22/08/11

Kristove Roky (Juraj Jakubisko)

Kristove Roky - Gli anni di Cristo
di Juraj Jakubisko (1967 CECOSLOVACCHIA 95')
Un delirio di immagini ferali e crudeli costituisce il tessuto connettivo e la lancinante espressione visiva di un incubico approccio alla realtà vista come un alternarsi di inutili illusioni, di brucianti tormenti, di impietose asperità; un cinema che per la sua ascensione visionaria ricorda quello dell'armeno-georgiano Paradjanov, che come questo è da considerare tra i più cospicui risultati del cinema contemporaneo...(L.Micciché)
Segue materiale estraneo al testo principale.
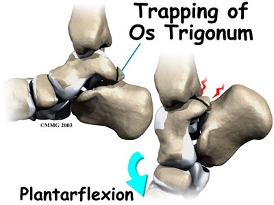 If the doctor believes that pinching in the back of the ankle is from an os trigonum, a numbing medication may be injected into this area. If it feels better, the problem is a posterior impingement from the os triogonum. If the pain doesn't change, the problem could be in the tendon that runs along the inside edge of the os trigonum.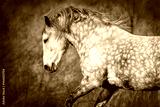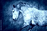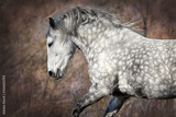 Grey horse with long mane portrait in motion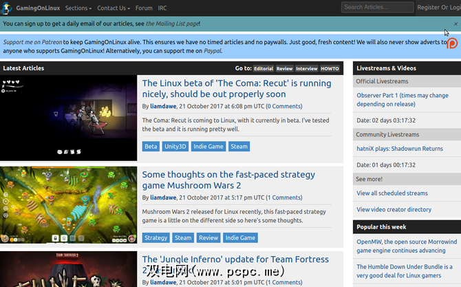 Linux上的游戏网站还设有Twitch频道,您可以在其中使用观看一些现场游戏。您还将找到一个社区论坛,IRC频道以及社区成员的直播。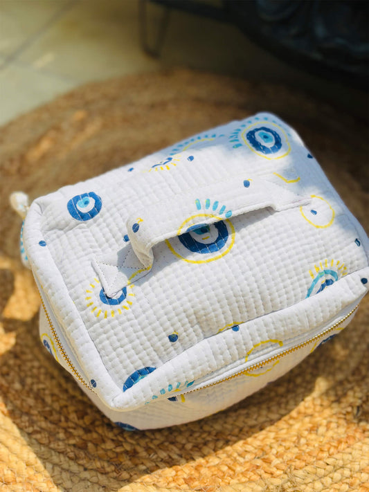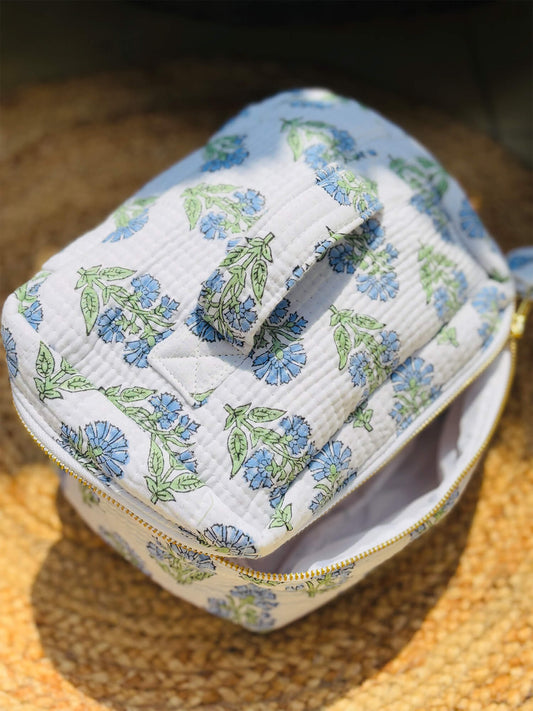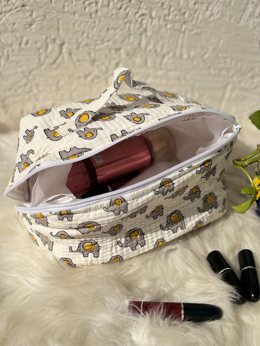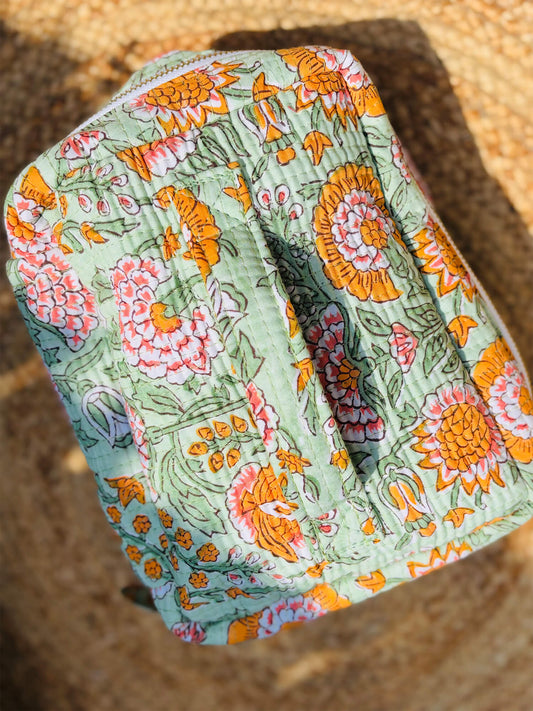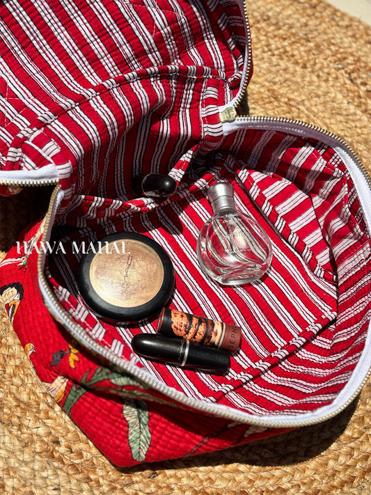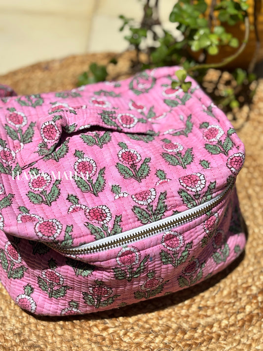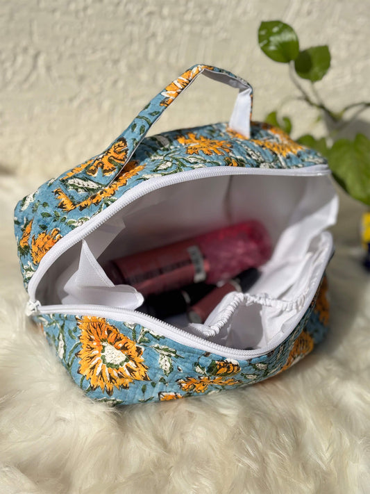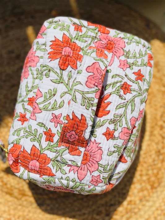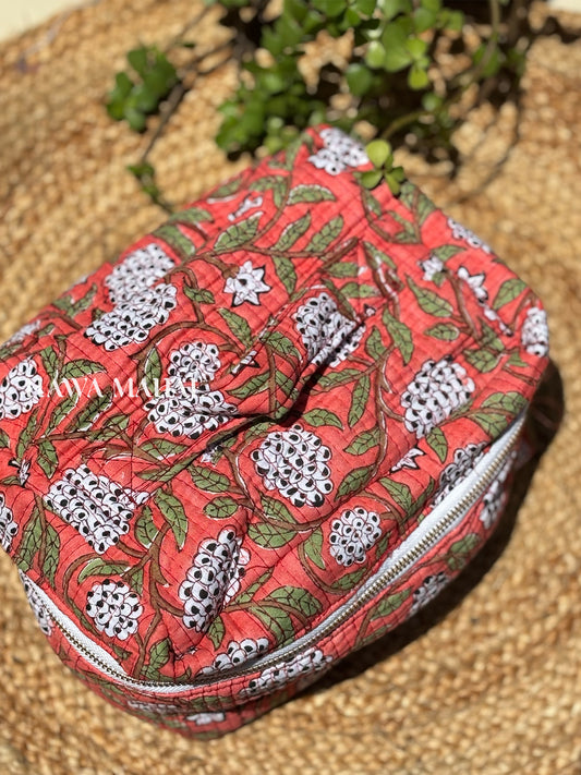 Handblock Quilted Vanity Bag – Travel-Friendly Organizer

“Quando facevamo il cinema, nel periodo fino al’66-’67, sotto il titolo di ogni film c’era un numero, cinque o sei cifre: era il numero della censura, che attestava che il film aveva ottenuto il permesso oppure no. 
Il meccanismo della censura funzionava per lo più così: arrivava un signore, un funzionario addetto, era da solo, si metteva a vedere il film, iniziava la proiezione, lui stava lì con un timbro e col taccuino per gli appunti, certe cose erano approvate altre no. Mi ricordo come tutti quelli della direzione artistica gli giravano intorno, gli portavano un caffè, un po’ di vodka….poi ancora un po’ di vodka..per farselo amico. La cosa importante era ottenere quel timbro, affinchè il film potesse uscire, altrimenti iniziavano le rogne, bisognava aggiustare delle scene ecc. 
Nacque così un uso particolare, che noi chiamavamo “cagnolino bianco”. Gli autori inserivano nel film qualcosa davvero marchiano, per esempio una donna nuda, un appunto chiaramente politico, insomma una cosa che non sarebbe passata mai e poi mai. Il funzionario diceva: “Bene, questo film lo approvo, ma quella scena deve essere tolta”. E noi non potevamo che essere contenti perché il film sarebbe stato proiettato. Con cosidetti “cagnolini bianchi” distraevamo l’attenzione dalle cose cui davvero tenevamo. 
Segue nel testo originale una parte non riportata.